Deal focus: Partners Group sees sun rising on Taiwan solar
With significant policy support for the sector, Partners Group thinks its investment in Formosa Solar could be the first of numerous sizeable deals in Taiwan renewables
Partners Group has considered four potential renewable energy deals in Taiwan over the past two years, but until late 2015 prospects were dim for building a project with economically viable scale. That's when the Bureau of Energy approved about 10 square miles of the country's sun-drenched western provinces for ground-mounted solar installations. They allow for significantly more power capacity than the space-saving rooftop units that have so far dominated the local industry.
Only months later the Democratic Progressive Party assumed power and pledged to triple solar power installation targets from 6.2 gigawatts to 20 gigawatts by 2025. This regime is now zoning another two similarly-sized blocks of land for ground-mounted solar as a phase-out of the local nuclear reactor fleet accelerates. As of March 2016, Taiwan's solar capacity had reached 922 megawatts, a 165-fold increase on 2008.
"We expect the solar industry to develop in magnitudes of scale because of the transition to ground-mount and the increases in capacity quota that the current government has put through," says Andrew Kwok, senior vice president for Asia Pacific private infrastructure at Partners Group. "Over the last six months, we have noticed other foreign investors of scale coming in, and we expect to co-exist with a few others."

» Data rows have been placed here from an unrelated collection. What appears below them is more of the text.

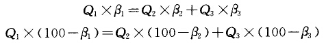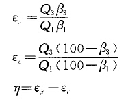 式中:η为筛分效率,%;Q1、Q2、Q3为入筛、筛上、筛厂固体废物重量,Q1= Q2十Q3;β1、β2、β3为入筛、筛上、筛下固体废物中小于筛孔的细粒累积含量,%; εx、εc为细粒采收率、粗粒采收率。
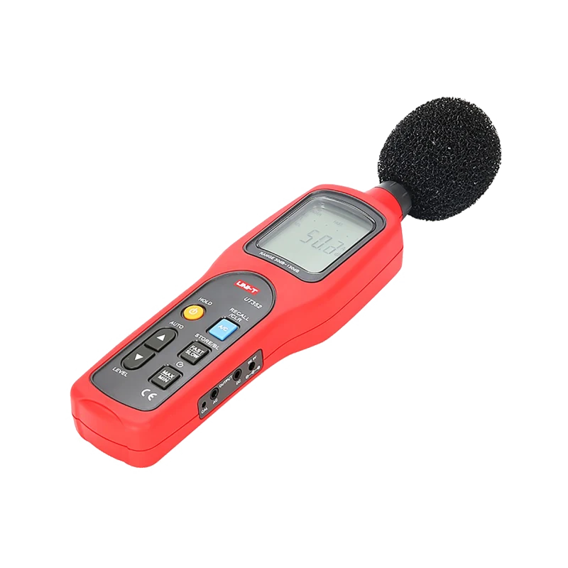 Uni-T UT352 Sound Level Meter The Uni-T UT352 is a precision sound level meter designed for measuring noise in a wide range of applications, such as acoustics, health protection, and occupational safety. Thanks to its high sensitivity and accuracy, the UT352 is an ideal tool for monitoring noise levels in various environments. Precise Sound Level Measurement The UT352 enables sound level measurement in the range of 30 to 130 dB with an accuracy of ±1.5 dB and a resolution of 0.1 dB, ensuring reliable and accurate results. The device supports two sampling frequency modes: FAST (8/s) for rapid changes in sound level and SLOW (1/s) for more stable readings, allowing for flexible adjustment of the measurement to environmental conditions. The frequency response ranges from 31.5 Hz to 8 kHz, and the user has the option to select band switching between A and C characteristics.
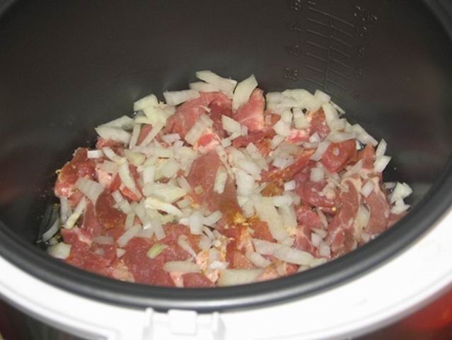 В кастрюлю наливаем растительное масло 3-4 столовые ложки. Закладываем в кастрюлю мультиварке мясо. Соль, приправы.
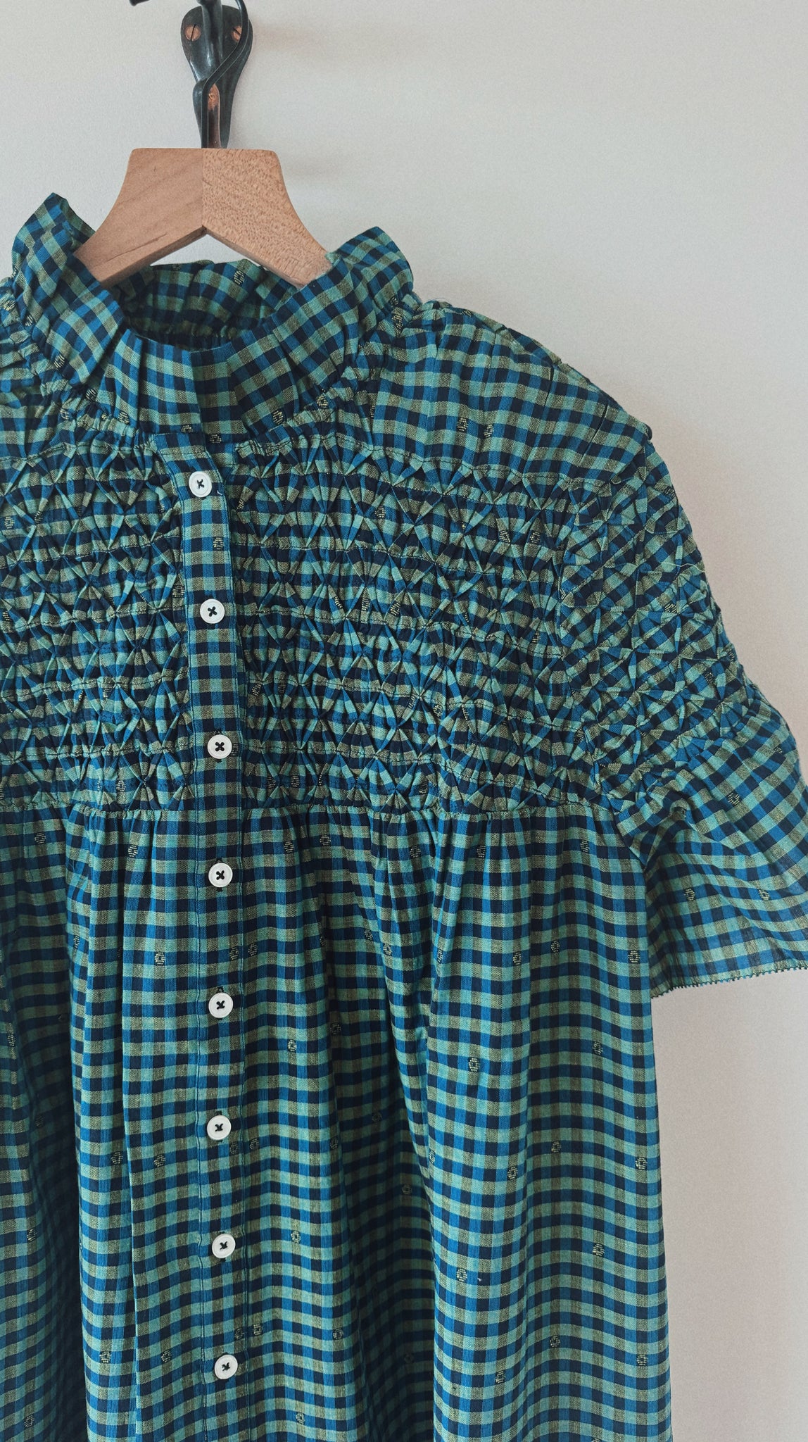 Our signature diamond smocked maxi dress with button front closure and ruffle collar.
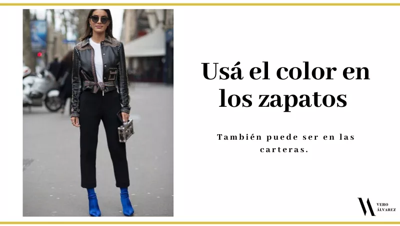 -Si no se hallan con el color en las prendas, pueden usarlos en los zapatos o accesorios. Es ideal para hacer punto focal y evitar foco en esa zona que se quiere disimular.
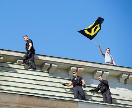 В Берлине правые радикалы забрались на Бранденбургские ворота

The firm is set to be one of the first institutions to create a sizeable solar portfolio in Taiwan after committing $200 million to a 550-megawatt project to be installed over the next three years in cooperation with local photovoltaic operator Sinogreenergy. Known as Formosa Solar, it will be 99% owned by Partners Group, with Cathay Financial Holdings participating as a minority stakeholder through its life insurance unit.

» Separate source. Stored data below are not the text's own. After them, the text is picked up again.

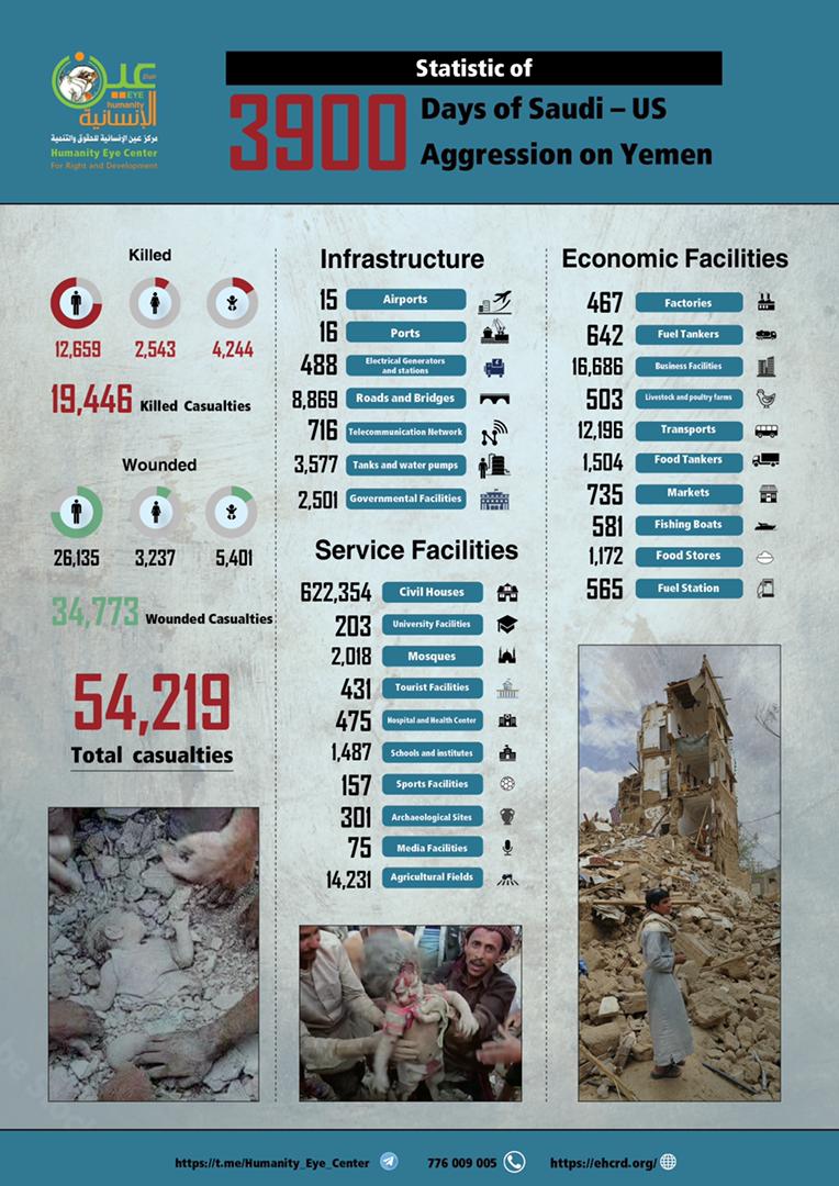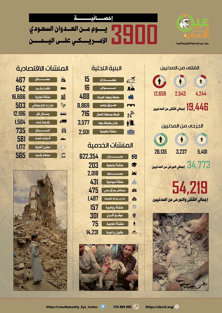 كشف مركز عين الإنسانية للحقوق والتنمية، اليوم الأربعاء، عن الحصيلة الإجمالية للخسائر البشرية والمادية التي تسبب بها “تحالف العدوان الأمريكي السعودي الإماراتي” على اليمن على مدى 3,900 يوم.
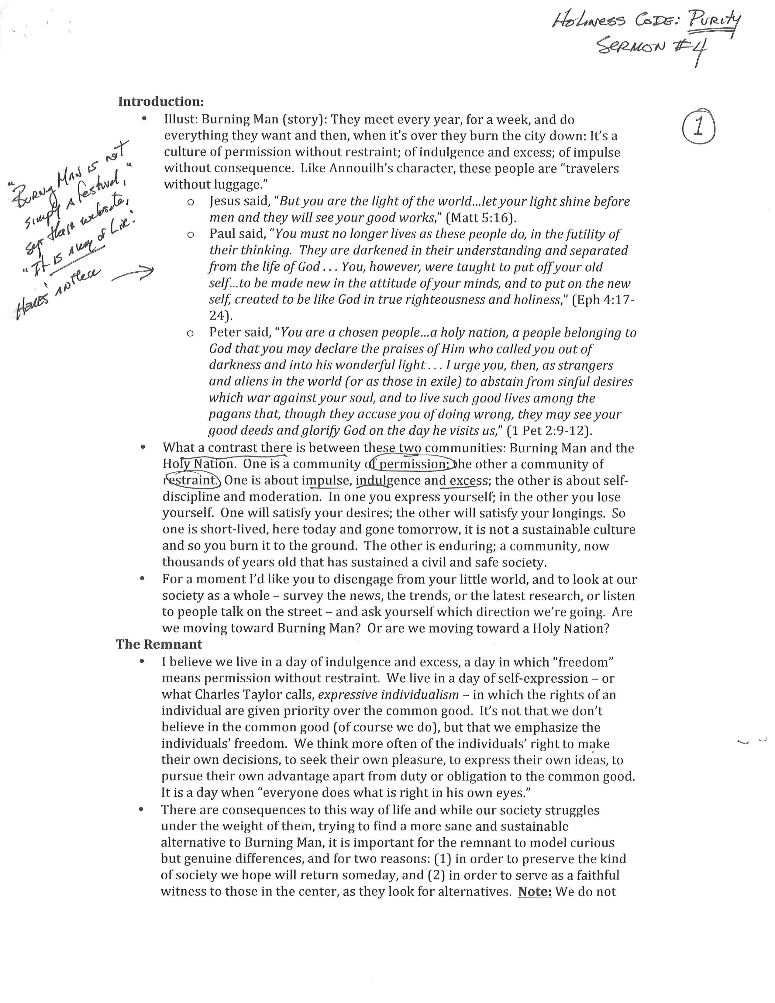 To frame this portion of the series, we’ll argue that the dominant culture has invented gods and that these gods have led us into trouble. The response of the remnant is not to condemn those caught in society’s evil but to offer a quiet, simple and consistent alternative so that those in the dominant culture will have, at least, a choice. This is the purpose of both the Holiness Code (Leviticus 18-20) and the Sermon on the Mount (Matthew 5-7) and so we’ll compare these Scriptures as the foundation for a moral alternative. This alternative is expressed in four commitments that distinguish the remnant.
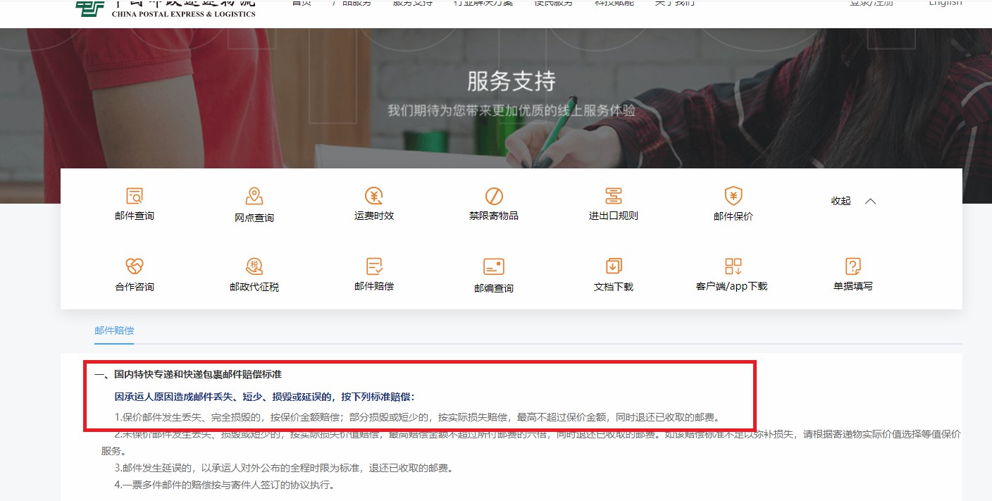 邮政EMS规定:保价邮件发生丢失、完全损毁的,按保价金额赔偿;部分损毁或短少的,按实际损失赔偿,最高不超过保价金额,同时退还已收取的邮费。

The transaction was made through a number of investment vehicles - including a EUR1.5 billion ($1.7 billion) PE direct investments fund raised in early 2014 - and is expected to close in the third quarter of 2016. In the meantime, a number of Formosa sites have already been confirmed for power plant development, while others continue to progress through due diligence. Revenue stream security will come through a 20-year offtake agreement at a fixed rate with the state-owned utility, Taipower.
Formosa is Partners Group's third major solar deal in the past two years, following a $100 million commitment to a project in the US earlier this year and a $250 million investment alongside Equis Funds Group in a Japan solar platform. It also represents a continuation of the firm's greenfield infrastructure strategy, whereby major renewables businesses in high-growth markets are able to benefit from a tendency among competing institutional investors to avoid taking on construction risk.
"The characteristics of the underlying assets we're generating are very attractive to infrastructure investors, but we believe there is much better relative value in constructing them in a risk-controlled way than waiting until they're commissioned and then buying them," Kwok says. "We see a lot more incremental value for our clients in building assets ourselves with stable cash flows."